In [15]:
# format to specify is a custom one (we tweaked gends.py from thermonet a bit)
# needs to bee: wt_pdb_path, pos, mt_pdb_path
# ie: relaxed_wild_3D_path mutation_position+1 relaxed_mutated_3D_path

In [16]:
import pandas as pd
import numpy as np
import os
from glob import glob


In [17]:
DATASET_INPUT = "../data/main_dataset_creation/outputs/all_v3/dataset_with_all_features.csv"
SUBMISSION_INPUT = "../data/main_dataset_creation/outputs/all_v3/submission_all_features_filled_nan.csv"
COMPUTE_NEW_MUTATIONS_LISTS = True

THREADS_PARIS = 6

SUBSET_DUPLICATES_NO_PH = ["uniprot", "wild_aa", "mutation_position",
                           "mutated_aa", "sequence"]

MAX_SUBDF_SIZE = 100


In [18]:
df_train = pd.read_csv(DATASET_INPUT)
df_train = df_train[~(df_train.alphafold_path.isna())]
df_train = df_train[~(df_train.ddG.isna())]
df_train.drop_duplicates(subset=SUBSET_DUPLICATES_NO_PH, inplace=True)
df_train["already_computed"] = False
df_train = df_train[SUBSET_DUPLICATES_NO_PH +
                    ["already_computed", "alphafold_path", "relaxed_wild_3D_path", "relaxed_mutated_3D_path"]]

df_test = pd.read_csv(SUBMISSION_INPUT)
df_test.drop_duplicates(subset=SUBSET_DUPLICATES_NO_PH, inplace=True)
df_test["already_computed"] = False
df_test = df_test[SUBSET_DUPLICATES_NO_PH +
                  ["already_computed", "alphafold_path", "relaxed_wild_3D_path", "relaxed_mutated_3D_path"]]
# rm deletion
df_test = df_test[~(df_test.mutated_aa.eq('-'))]


df = pd.concat([df_train, df_test])
print(len(df))


7921


In [19]:
# create variant list in gends_outputs
# Split df by uniprot
unique_uniprot = df.uniprot.unique()
all_uniprot_dfs = []

for uniprot in unique_uniprot:
    uniprot_df = df[df.uniprot.eq(uniprot)]
    if len(uniprot_df) < MAX_SUBDF_SIZE:
        all_uniprot_dfs.append(uniprot_df.copy())
    else:
        number_splits = min(THREADS_PARIS, len(uniprot_df)//MAX_SUBDF_SIZE)
        print(f"splitting {uniprot} in {number_splits} splits")
        subdf_list = [uniprot_df.iloc[index, :].copy()
                      for index in np.array_split(range(len(uniprot_df)), number_splits)]
        all_uniprot_dfs += subdf_list

print("len(all_uniprot_dfs)", len(all_uniprot_dfs))

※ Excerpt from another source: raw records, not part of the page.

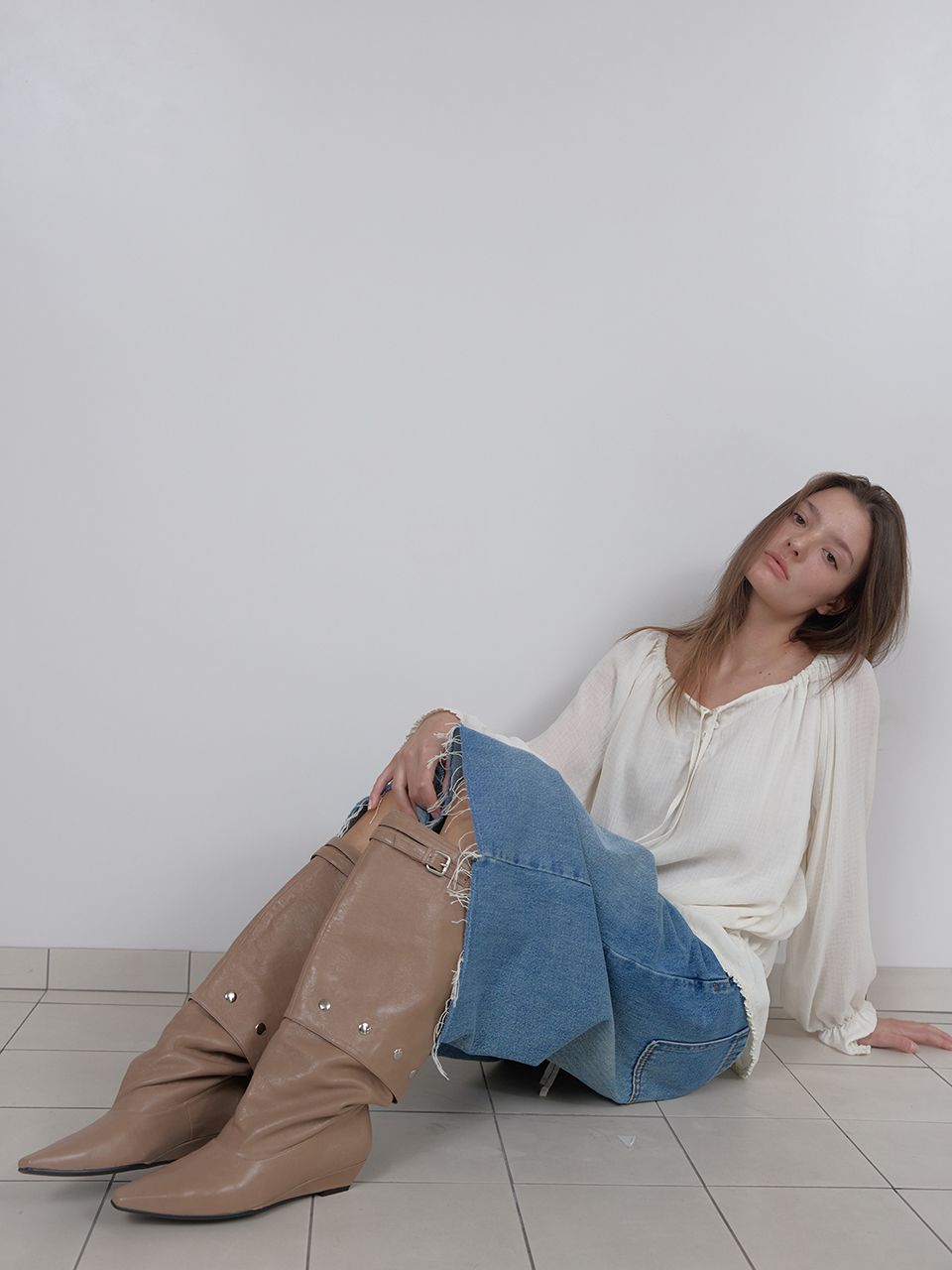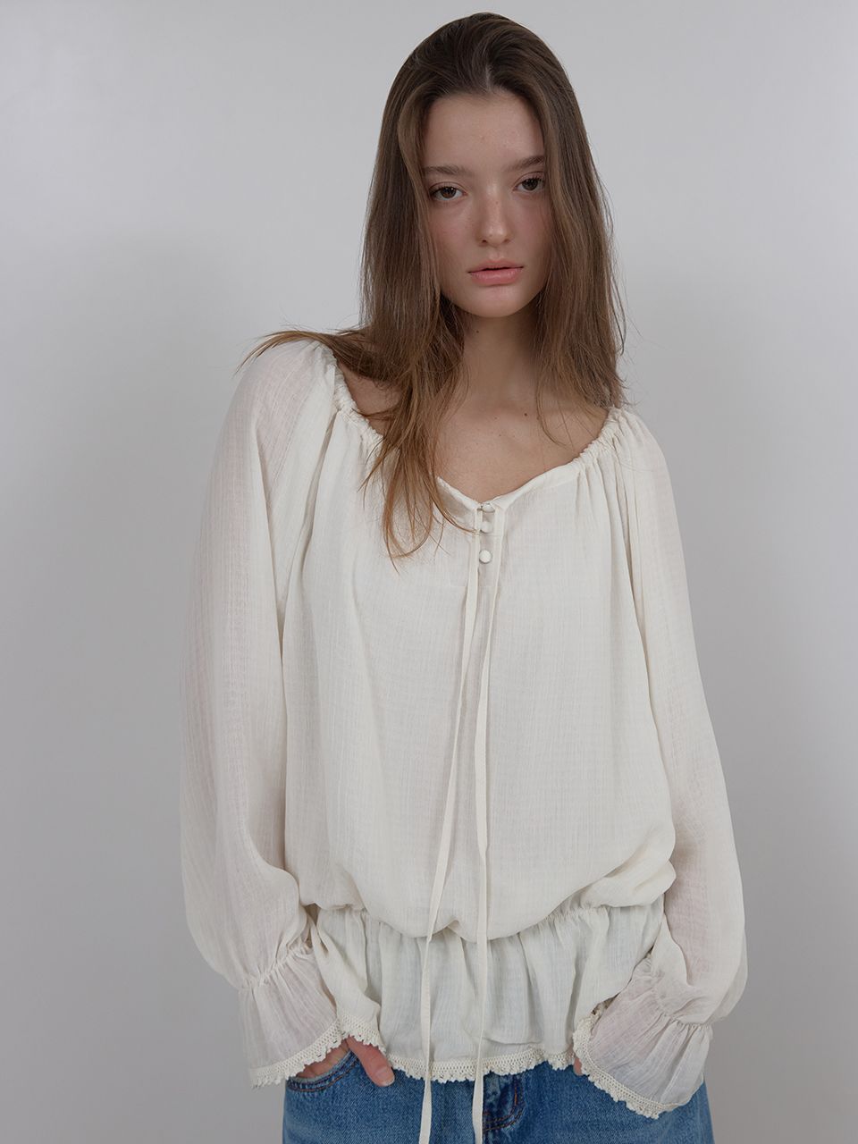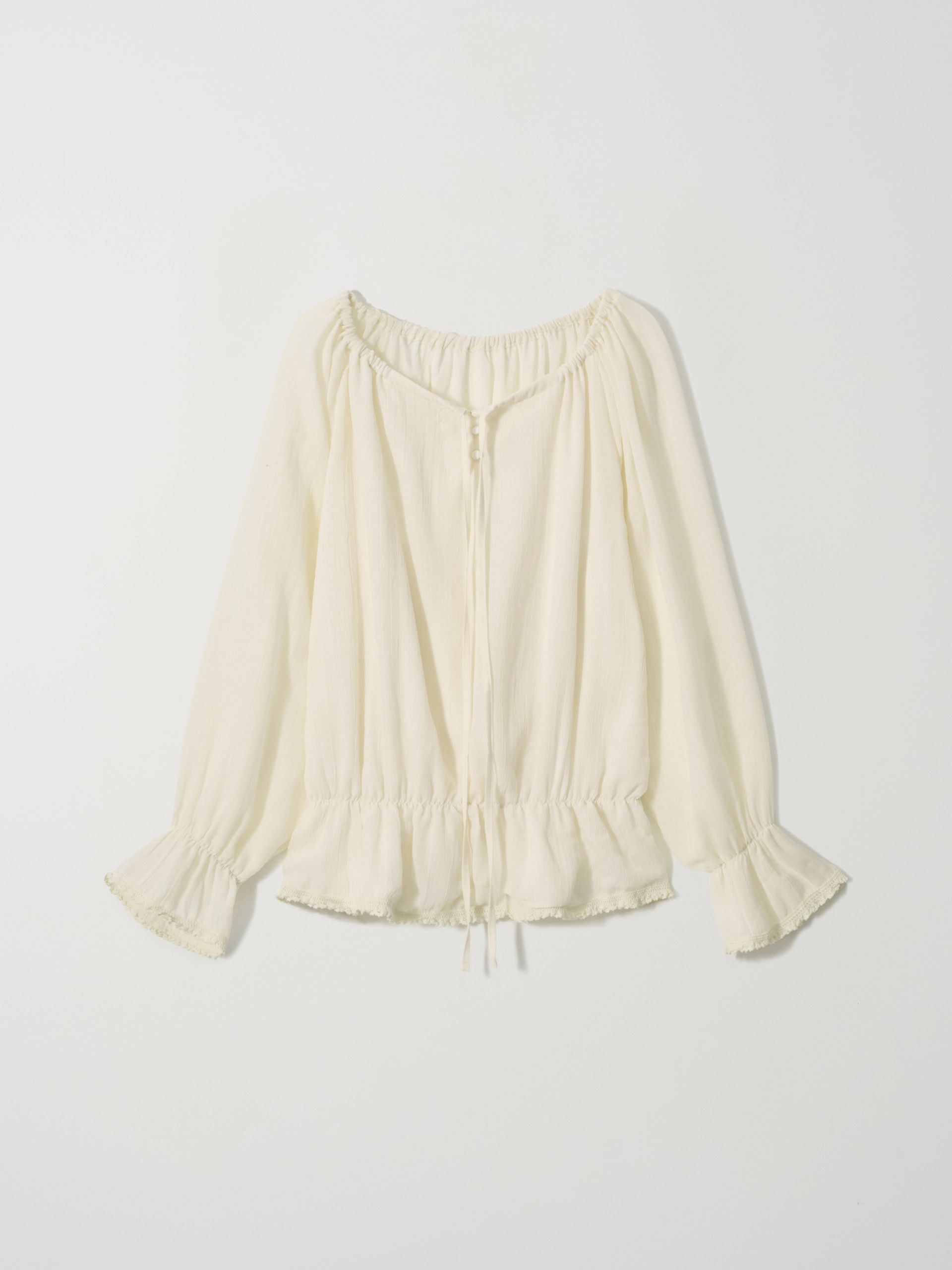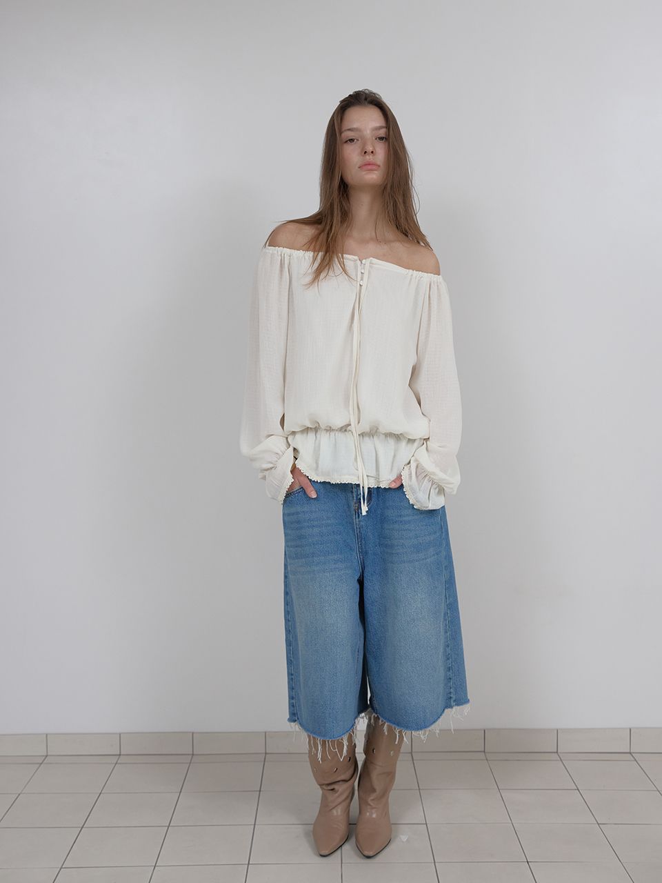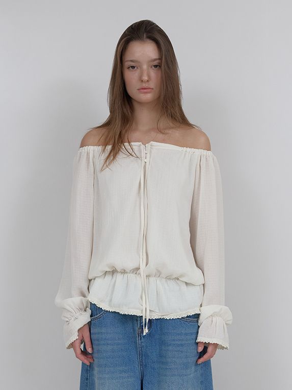 OFF-SHOULDER SHIRRING BLOUSE (IVORY)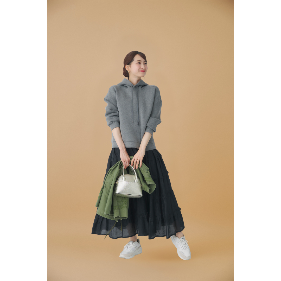 移動時間が長くなる旅行では、快適さとおしゃれの両立がポイント。シワになりにくいパーカーに、フェミニンなティアードスカートを合わせたリラックス感のあるスタイルなら、旅先でも快適に過ごせて、程よいこなれ感も演出できます。
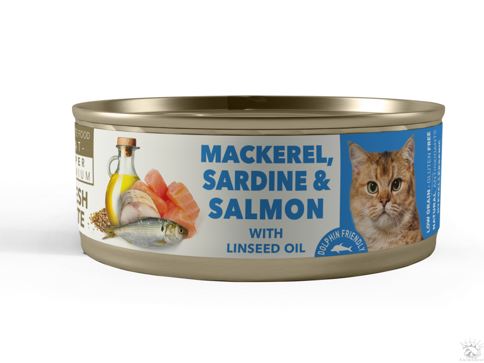 Pâtée AMITY Super Premium maquereau, sardine et saumon pour chat adulte.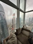 Останавливались в люксе на 68 этаже. Вид из окна, безусловно, впечатляет, но, к сожалению, общее впечатление от проживания было испорчено рядом существенных недочётов. Во-первых, номер оказался грязным уже при заселении. В ванной комнате крючок для полотенец держался буквально «на соплях», был заметен грибок, что совершенно недопустимо для отеля такого уровня. Ежедневной уборки номера не было вовсе. Отдельно хочу отметить проблему с лифтами. Несмотря на то, что их в здании три, работал только один. Ожидание могло доходить до 20 минут, что крайне неудобно, особенно утром и вечером, когда люди заканчивают работу, идут на обед или приходят на работу в офисы. К сожалению, эти моменты сильно испортили впечатление от пребывания. Хотелось бы, чтобы отель обратил внимание на состояние номеров и организацию работы, ведь расположение и вид действительно достойные, а сервис — нет.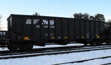 NS 145606 is seen at Deepwater, NJ on 2/14/14. Car was re-bodied from CR 497498 in June of 2013 by Freight Car America in Roanoke, VA. CR 497498 was built 1-95 by HCS as a H2 class 4 bay hopper. Car is missclassed as a HP29R as the former CR H2 class hoppers became HP28R on NS.
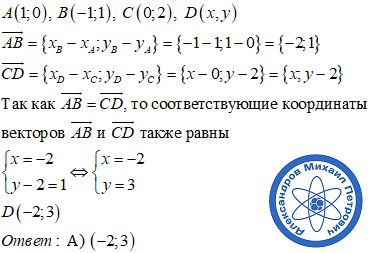 . Даны три точки: А(1;0), В(-1;1), С(0;2;). Найдите точку Д(x,y), если известно, что векторы АВ и СД равны А) (-2;3) В) (2;3) С) (-2;-3) Д) (0;-2) Е) (-3;0)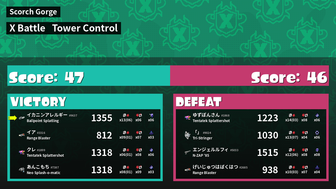 | Mode | Tower Control - X Battle | ||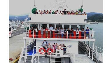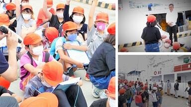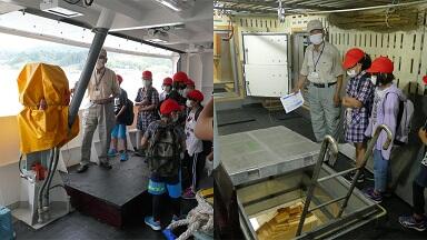 4グループに分かれて,元マグロ船の乗組員の方から船内を案内していただきました。投縄では,100㎞以上も浮きをつけながらロープを流すことや,魚が船倉いっぱいになると3億円以上の水揚げになること,海水が出る蛇口がたくさんあることなどの説明に驚いていました。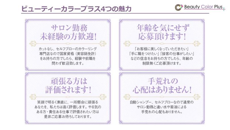 仕事内容 ヘアカラー専門店での接客対応です。 ヘアカットは一切行いません! カラー見本から希望の色を選んでいただき それに合わせ機械で薬剤を自動調整するので 必要な専門知識も少なくすみます。 対応客数・販売数等のノルマは無し! 「薬剤の塗り方」「お客様との会話」など 全てマニュアルが完備されているので ブランクから復帰をお考えの方も安心です。 #カラー剤は機械が自動で調合 #オートシャンプー&手袋OKで手荒れ予防 #券売機使用でレジ業務ナシ #ブローもお客様によるセルフブロー #週2日~・短時間勤務OK! *土日祝日は時給100円UP! ー <仕事の流れ> お客様が券売機でチケットを購入 | カラー見本を元にお色の希望をお伺い 注文されたカラーを機械で調合 | カラー材を塗布 *爪の変色や手荒れ予防の手袋着用OK | オートシャンプー台で洗い流し *襟足・顔周りは手洗いで対応 | セルフブロードレッサーにご案内 <教育・研修体制> 未経験やブランクのある方でも接客・技術研修があるので、安心して入客できます。 店舗配属後も、ベテランパートナーがしっかりサポートします。 ・入社後の流れ 初日はPC作業や登録からスタート。 2〜3日目はシャンプー練習、 その後カラー業務へと順を追って学び、 無理なく現場デビューができます! 先輩スタッフが横について指導するため、 ブランクのある方も安心です。 <こんなスタッフが活躍しています> 「結婚・子育てで美容の仕事から離れていたけれど、もう一度美容師免許を活かして働きたい」「サロン勤務は無理だけど、家事・子育ての空き時間を利用して働きたい」など、 目的や理由は違うけれど「美容や接客が大好き!」という人が活躍しています。 <先輩の声を紹介!> 元スタイリストの主婦パートさんが多数活躍中! 【スタッフAさん】 結婚を機に美容室を辞めましたが、育児もひと段落し、子どもの教育費のため復職しました。ヘアカットがなく、薬剤の調合も機械で全自動なのですぐに慣れることができました! 【スタッフBさん】 美容師免許を活かしたくて、ブランクに不安を感じつつ入社しました。カットなし&セルフブローのカラーリング専門店なので無理なくお仕事に復帰できています。一番嬉しいのは、子育てとの両立がしやすいことですね。ライフスタイルに合わせた働き方ができるので、プライベートも大切にできています。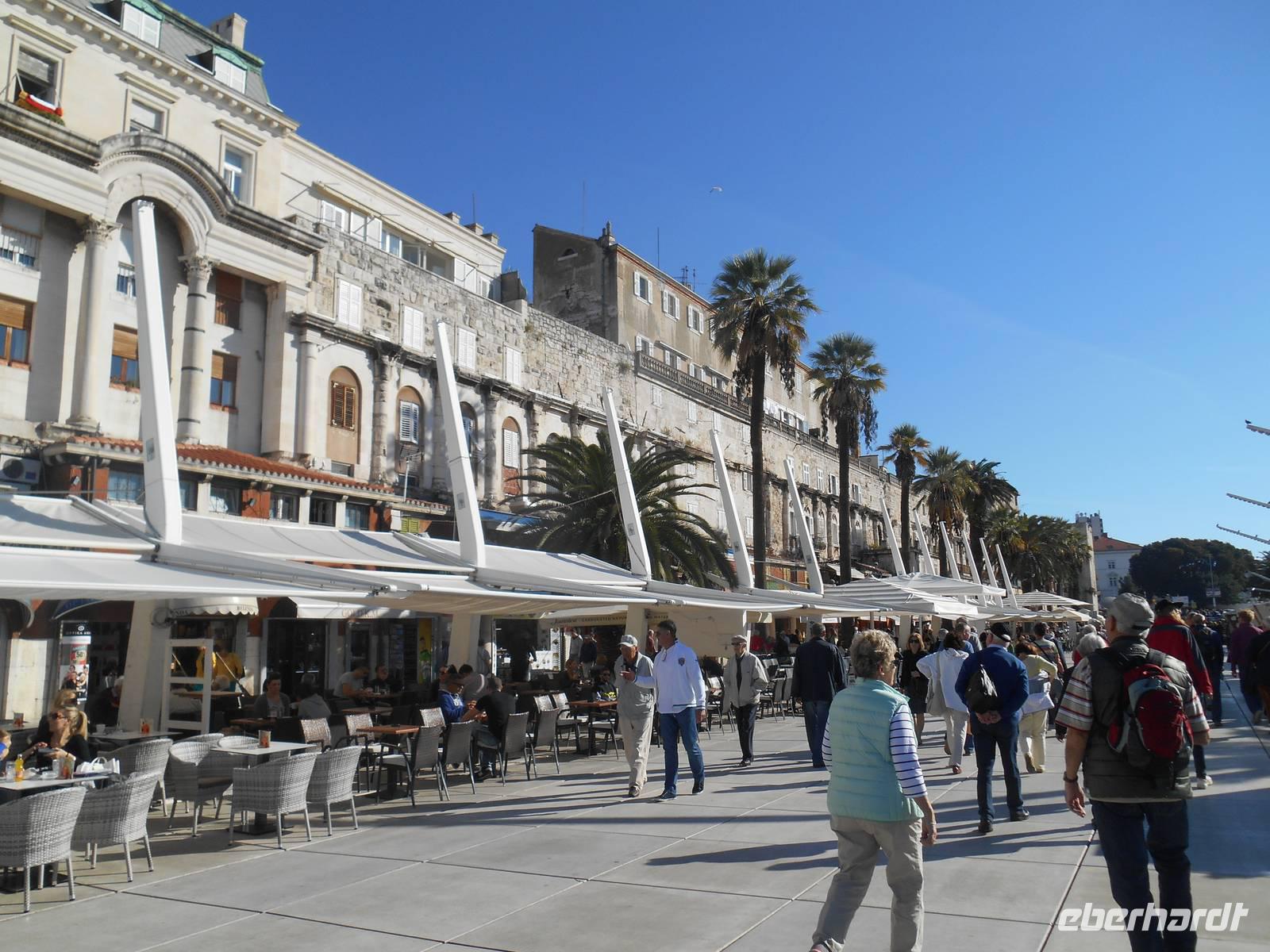 Nun stehen uns die zahlreichen Mitarbeiter des Schiffes mit Rat und Tat zur Seite, damit jeder der Gäste auch zu seinem Ausflug kommt. Unten, am Ausgang, werden wir schon von den kroatischen Reiseleitern erwartet, mit ihnen werden wir nun eine der eigentümlichsten Orte an der Adria besuchen: die Altstadt von Split.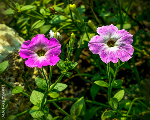 Fototapeta premium Beautiful purple Geranium Flowers in the garden.with green background.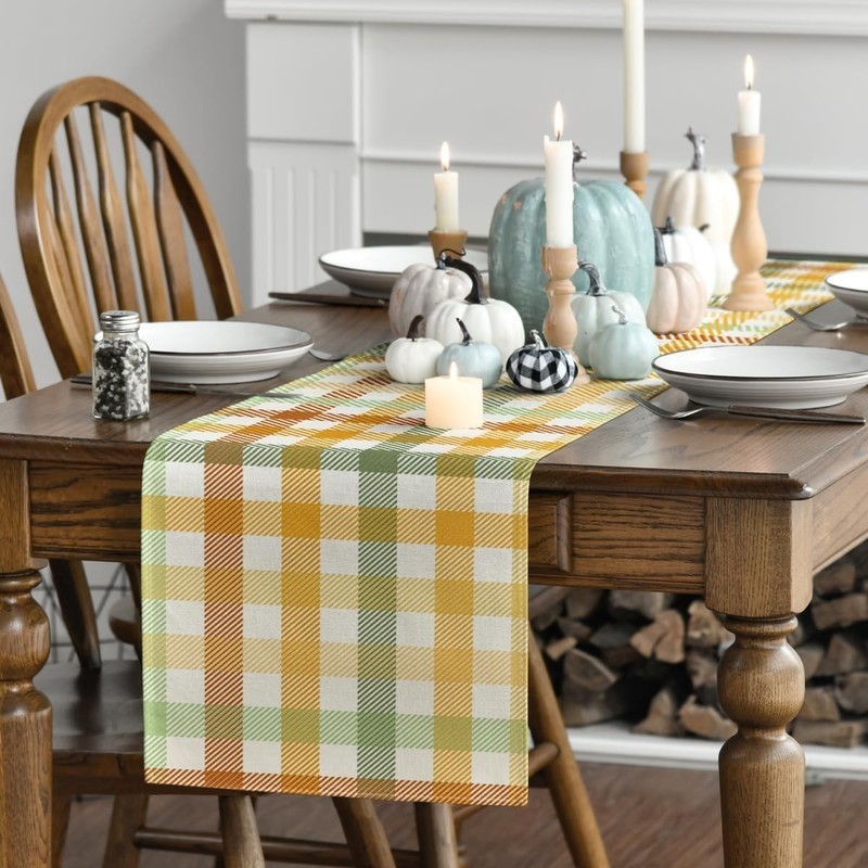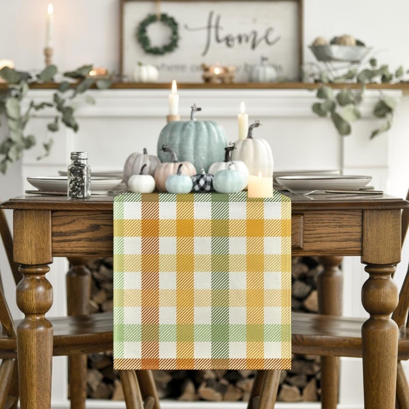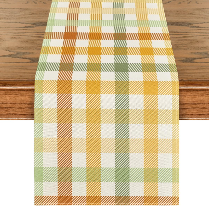Orange Green Buffalo Plaid Fall Table Runner, Autumn Thanksgiving Holiday Check Kitchen Dining Table Decoration for Home Party Decor 13X72 Inch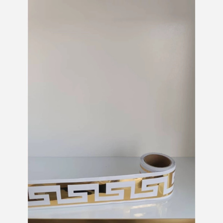 برچسب قرنیز و بوردر طرح ورساچه طلایی و سفید عرض 10 سانت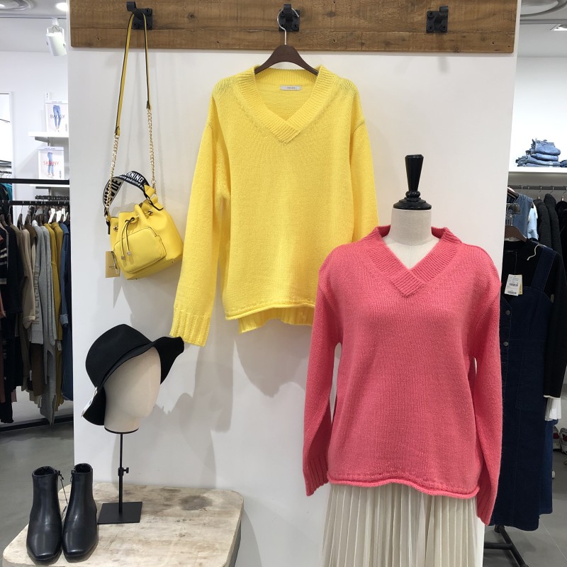 색감이 너무 이쁜 브이넥 기본 니트예요.. 청바지나 스커트에 함께입으면 굿!!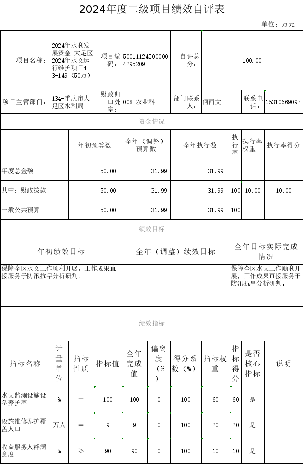 26. 对大足区2024年水文运行维护项目开展了绩效评价,涉及财政拨款项目资金31.99万元,评价得分100分,评价等次为优。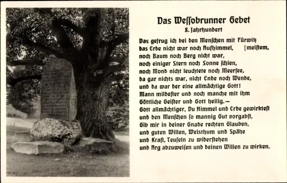 Ak Wessobrunn in Oberbayern, Wessobrunner Gebet aus dem 8. Jhdt., Gedenkstein

def append_to_variants(row, k):
    with open(f"./gends_input/{row['uniprot']}_{k}_variants.txt", "a+") as f:
        wt_pdb_path = row["relaxed_wild_3D_path"]
        pos = int(row["mutation_position"]+1)
        mt_pdb_path = row["relaxed_mutated_3D_path"]
        f.write(f"{wt_pdb_path} {pos} {mt_pdb_path}\n")
    return row

for k, subdf in enumerate(all_uniprot_dfs):
    subdf.apply(lambda row: append_to_variants(row, k), axis=1)
print("done")


splitting P06654 in 6 splits
splitting P0ABQ4 in 1 splits
splitting P00648 in 1 splits
splitting P00644 in 6 splits
splitting P07751 in 1 splits
splitting P00720 in 1 splits
splitting AF70 in 6 splits
len(all_uniprot_dfs) 307
done


the following scripts needs to be done in the thermonet conda environment:

> conda activate thermonet

In [20]:
for i, subdf in enumerate(all_uniprot_dfs):
    script_suffix = f"PARIS_{i % THREADS_PARIS}"
    uniprot = subdf.iloc[0,:]["uniprot"]
    with open(f"../gends_{script_suffix}.sh", "a+") as f:
        cmd = " ".join([
            "/home/ml/novozymes-prediction/resources/ThermoNet/ThermoNet/gends.py",
            f"-i ./compute_mutated_structures/gends_input/{uniprot}_{i}_variants.txt",
            f"-o ./compute_mutated_structures/gends_output/{uniprot}_{i}_stacked_16_1",
            "-p ./ --boxsize 16 --voxelsize 1",
            "\n"
            ])
        f.write(cmd)

with open("../main_gends_PARIS.sh", "w+") as f:
    for i in range(THREADS_PARIS):
        f.write(f"bash gends_PARIS_{i}.sh & \n")